No começo, ela diz, o editor queria que ela colocasse a palavra "urso" no título. "Imagina isso", diz ela com galhofa. Como muitos brasileiros sabem desde que o livro virou um pequeno fenômeno de vendas --a 34 já imprimiu quatro edições em pouco mais de um ano--, "Escute as Feras" conta de quando o rosto de Martin foi estraçalhado por um animal dessa espécie.
Mas isso é uma descrição redutora de uma obra de sofisticação insuspeita. Sim, estão ali as descrições gráficas da experiência aterradora pela qual a autora de 36 anos passou em agosto de 2015 --como a de ouvir o som de seu maxilar sendo mastigado pela fera. Mas o livro passa mais por um experimento filosófico, uma investigação existencial que qualquer outra coisa.
Boa parte da obra foi escrita a quente, ainda durante sua estada em hospitais aguardando operações que reconstruiriam seu rosto --hoje, a autora tem apenas cicatrizes discretas na região inferior da bochecha, que você só nota se souber o que procurar.

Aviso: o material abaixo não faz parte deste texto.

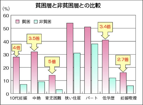 (1)一〇代の出産割合が非貧困層の四倍(2)中絶を約三分の一が経験し、非貧困層の三倍以上(3)生活保護および国民健康保険の割合が高い(4)一カ 月健診時に「育児困難」と評価された世帯が非貧困層の約五倍(5)一DK以下の住まいが過半数(6)母子家庭が非貧困層の五倍超で、母方多世帯母子家族の 割合が高い(7)妊娠前就労割合は非貧困層とほぼ同じだが、非正規雇用が過半数(8)母親の学歴は中卒または高校中退が四割、大学卒は非貧困層の四分の一 (9)母親の喫煙歴が過半数、妊娠中の喫煙率も高い。

Mas a mudança que Martin descreve ao longo do livro é muito menos estética que interior. Naquele dia, escreve ela, "o acontecimento não é: um urso ataca uma antropóloga francesa em algum lugar nas montanhas de Kamchátka", na Sibéria. "O acontecimento é: um urso e uma mulher se encontram e as fronteiras entre os mundos implodem."
A autora passa a elaborar uma nova existência a partir da "reviravolta de sua vida". Sente que ela e o predador que a desfigurou se fundiram numa entidade recém-criada, e o livro soa como uma tentativa menos de recriar o que aconteceu do que elaborar quem é essa nova pessoa.
Por isso tanto de suas páginas são escritas num tom desenfreado de febre da selva. "Vivemos conscientemente na ilusão da eternidade, porque sabemos muito bem que, num instante, tudo aquilo que desde sempre conhecemos vai se desmanchar, se recompor, aqui ou ali, vai se metamorfosear e se tornar esse algo de inapreensível do qual não poderemos assumir mais nada."
Em diversos momentos da narrativa, Martin afirma temer por sua saúde mental. "Esse medo de ficar maluco ao encontrar um animal é muito frequente na comunidade em que trabalho", afirma ela. "Quando você vai caçar, tem que seduzir o animal até você para matá-lo. Tem que se identificar com ele, apagar as fronteiras entre você e ele. O problema é que, nesse processo, você pode se perder."
São comuns as histórias de caçadores que enlouquecem após se perderem na mente do animal, diz ela. O caso dela foi ainda mais extremo, e o livro pode ser lido como seu esboço de novas fronteiras para uma personalidade fraturada junto com o crânio.
A escritora diz que a editora que lançou seus trabalhos de antropologia se ofereceu para publicar "Escute as Feras". Ela recusou e foi para uma editora que chama de "mais literária". "Precisava fazer isso fora das convenções da escrita acadêmica. Queria escrever de forma onírica, que fosse sensível e real."
E o próprio processo literário mudou sua perspectiva. "Percebi o quando amei escrever desse jeito. Pessoas ficaram tocadas pela história. Recebi mensagens de gente internada em hospitais que se sentiu acompanhada pelo livro, em seu estado próprio de metamorfose. Percebi como as palavras podem ser poderosas."